The rifle surfaces in the late 20th century in the collection of Graeme Johnstone, State Coroner of Victoria. Johnstone famously conducted the inquest in 2005 into the disappearance and death, some 37 years previously, of Australian Prime Minister, Harold Holt. Graeme was friendly with the current vendor of the rifle and explained that he’d acquired the Martini Henry from a retired GP in Melbourne, Dr Harley Baxter, who’d told him that it was well known amongst the Australian collecting community, and that it was considered to be of historical interest. The rifle appeared at auction in 2011 but it is unclear if it sold or not. When Graeme passed away in 2012 his family sold his firearm collection to a dealer in the rural town of Colac, 95 miles west of Melbourne. The rifle presumably among the collection was then bought by a Mr Raymond Garrow, who intended to shoot it in historic military rifle matches in Victoria. A friend of the vendor found out of the rifles presence in Raymond Garrow’s collection and brokered a deal with the current vendor, in 2016 around 130 years after it left this country the Webley Martini Bates rifle returned to the UK.
The rifle is a volunteer example, indicated by the lack of any Govt markings on the action body.
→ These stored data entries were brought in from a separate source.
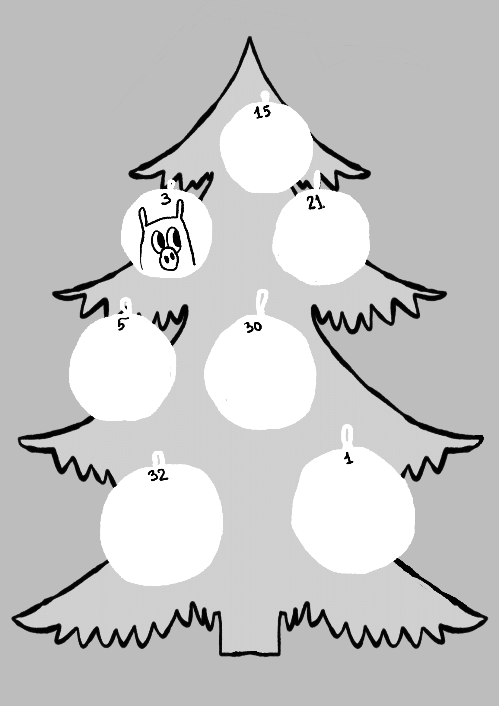 Ornaments show the page number. Draw the toys appear next to each page number in the book.
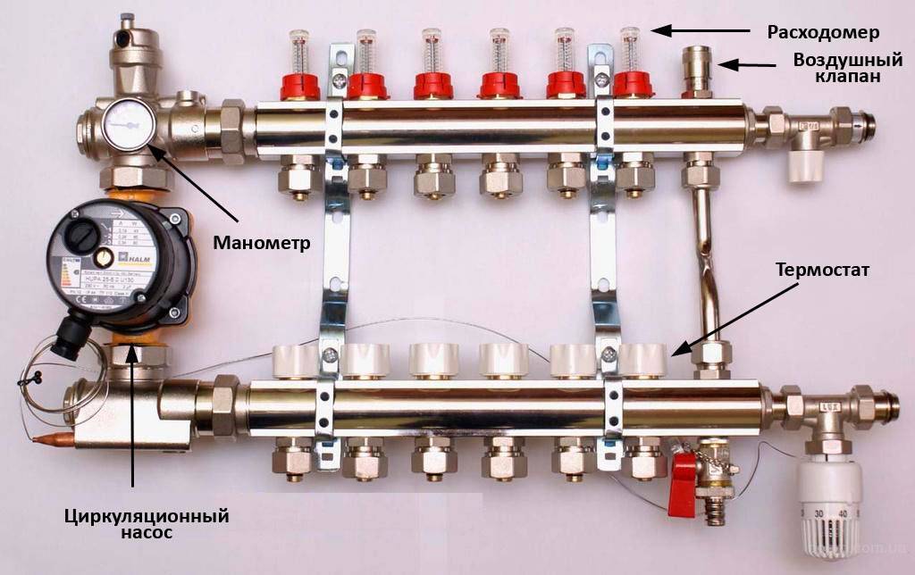 Самые дорогостоящие элементы в коллекторном распределительном блоке — расходомеры и термоголовки. Чтобы избежать переплаты за лишние элементы, можно купить коллекторный узел, так называемую «гребёнку», и установить необходимые регулирующие приборы своими руками только там, где это необходимо.
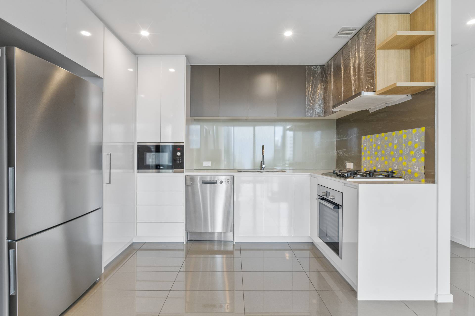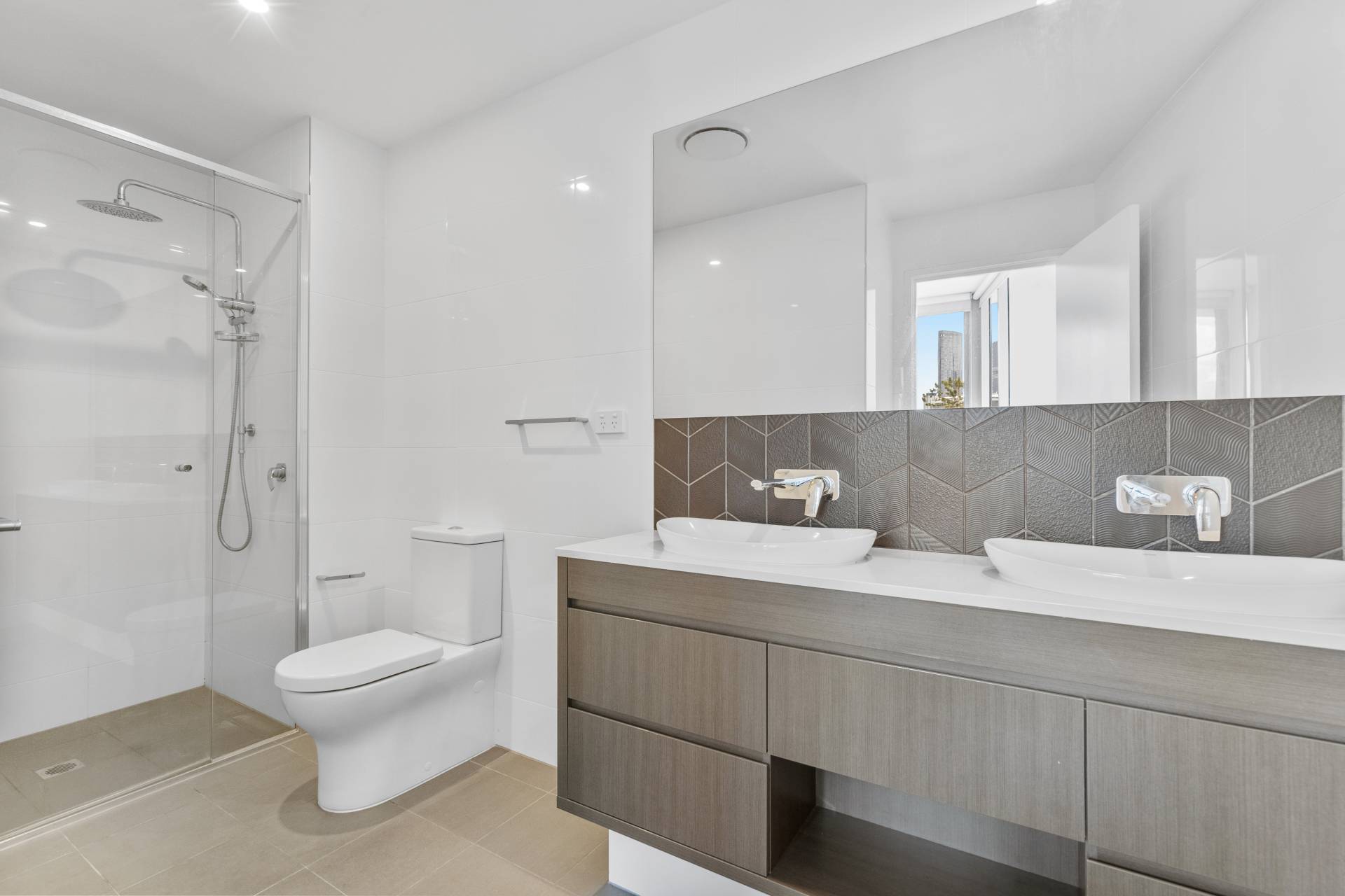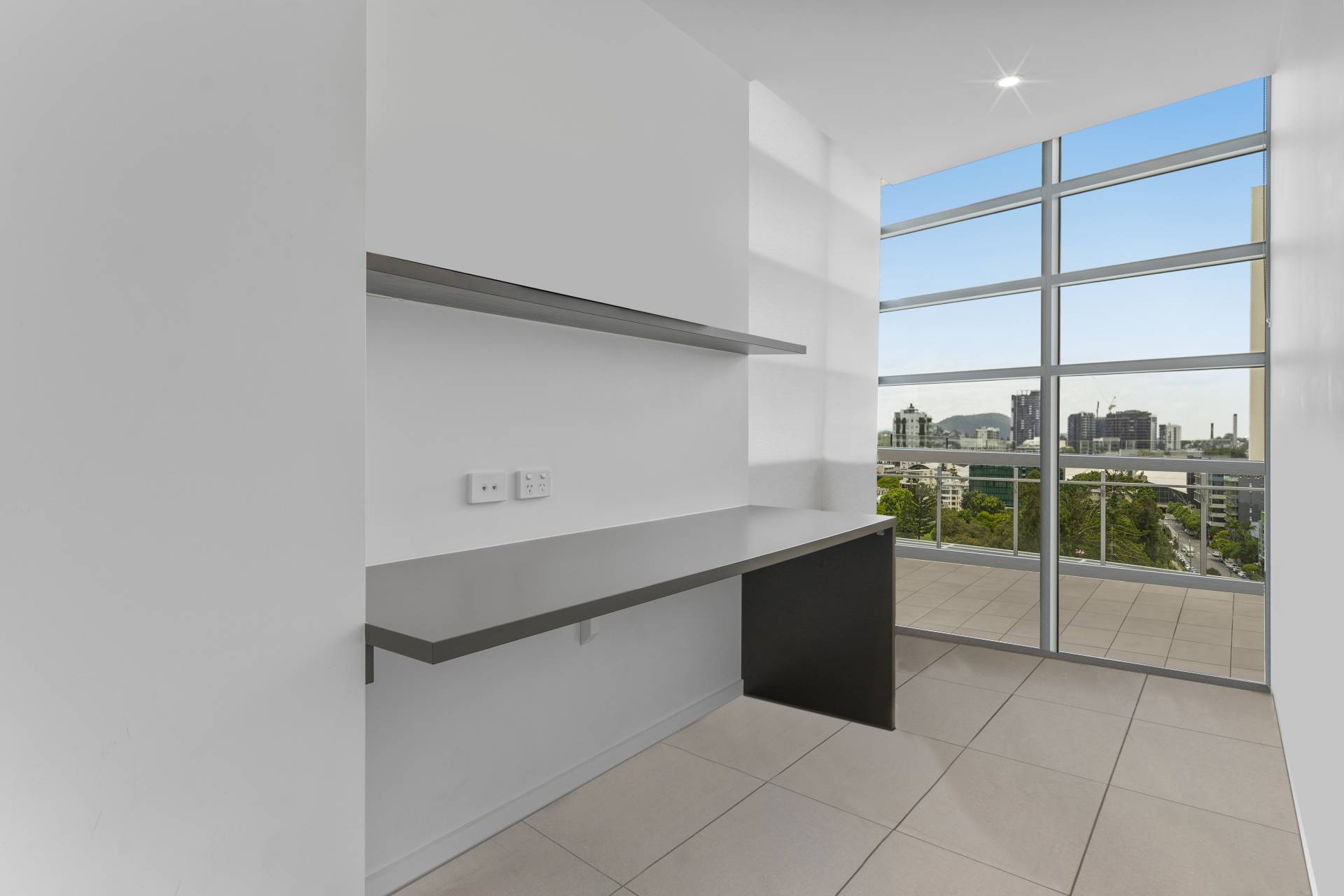 Step inside this modern sanctuary, where low-maintenance tiled flooring and soaring 2.7m ceilings create an inviting atmosphere enhanced by ducted air conditioning for year-round comfort. The thoughtfully designed open-plan living and kitchen area flows seamlessly to a spacious balcony with city skylights, ideal for relaxation and entertaining guests. The layout includes two generously sized bedrooms, thoughtfully separated for added privacy. The master suite features a walk-in robe and a luxurious ensuite, while the second bedroom, conveniently located near the second bathroom, includes a built-in wardrobe. Additionally, a spacious study or home office provides the perfect setting for working from home. You can enjoy captivating city views from multiple vantage points throughout the apartment, adding an extra touch of charm to this exceptional living space.
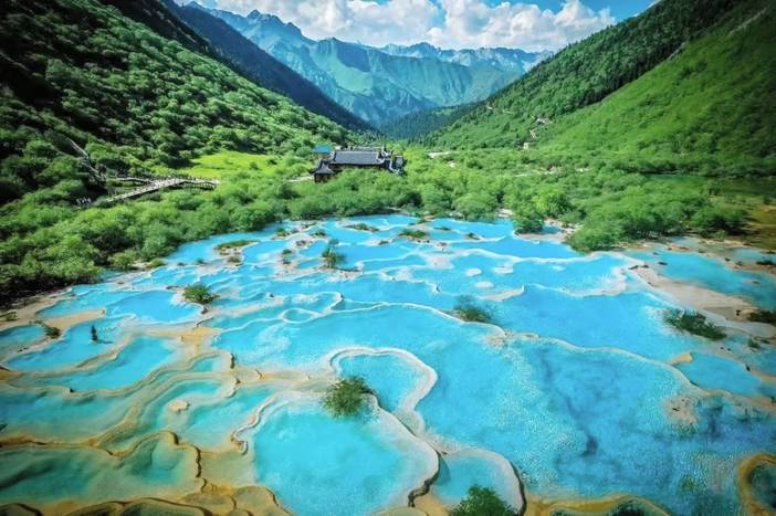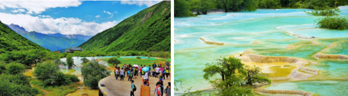 【黄龙风景名胜区】(5A景区门票已含  自理黄龙上行索道80元/人,下行索道40元/人、电瓶车20元/人、黄龙定位讲解器30元/人,黄龙索道保险 5/人/段需自理)
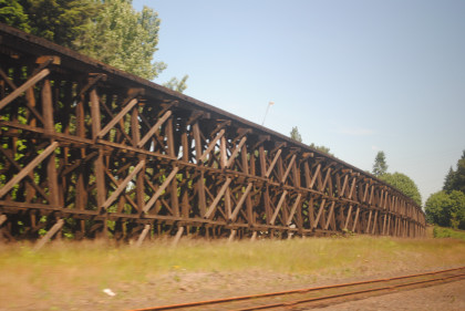 The view leaving Portland Union Station. I walked back from the baggage car back to the vestibule of coach 58107 for a few more open air pictures.
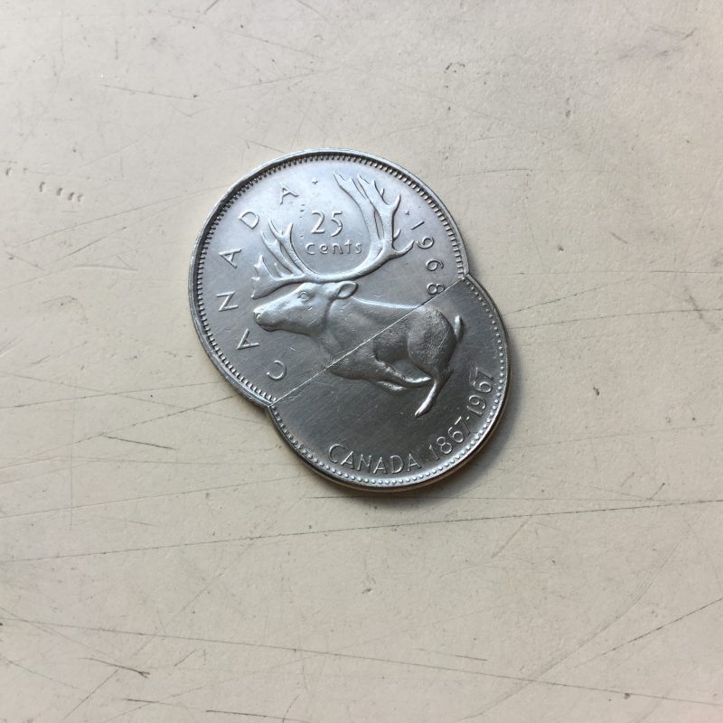 The Caribou/Hare coin collage started out as an idea/challenge; I wanted to see if the coins could be cut in such a way that the animal designs would match up, thus creating a fictional creature. I also wanted the outside edges to match up akin to overlapping circles. When the chance arose to make an etching – to scale up these coins on a copper plate and then cut them out like the originals – the proposal made for an exciting opportunity and satisfying silhouette.

The Volunteer Force, created in 1859, was not part of the regular British Army, but comprised a county-based reserve and home defence force of some 250,000, approved by the War Office, but manned by civilians. All of their uniforms and equipment were procured locally, and funded either by the men themselves, by wealthy benefactors or by local fund raising efforts. Local communities took great pride in their Volunteers. Rifles used by the Volunteers, therefore, were not regular British Army issue, but were “bought from trade”. They were usually very similar to the British Army service pattern, but often not identical. Manufactured by P Webley & Son with a serial number of 6900 or 0069 depending which way round you view the gun, the rifle is based on the Mark III service pattern introduced from 1885 specifically for reserve and volunteer forces. The Mark III featured more interchangeable parts than the Mark II issued to the regular Army (as used in the Anglo-Zulu War of 1879), and was less costly to manufacture than the Mark II. The Mark III proved popular with Colonial administrations. This particular rifle was not made for a Government contract, but for sale through the trade. It is fitted with the Mark II forend, probably because these were readily available at the time of manufacture. It is difficult to date this rifle exactly since they were marketed commercially until at least the 1890s. Webley was not a high volume producer and sadly, factory records for P Webley & Son during this period have not survived. The markings suggest a date between 1885 and 1890.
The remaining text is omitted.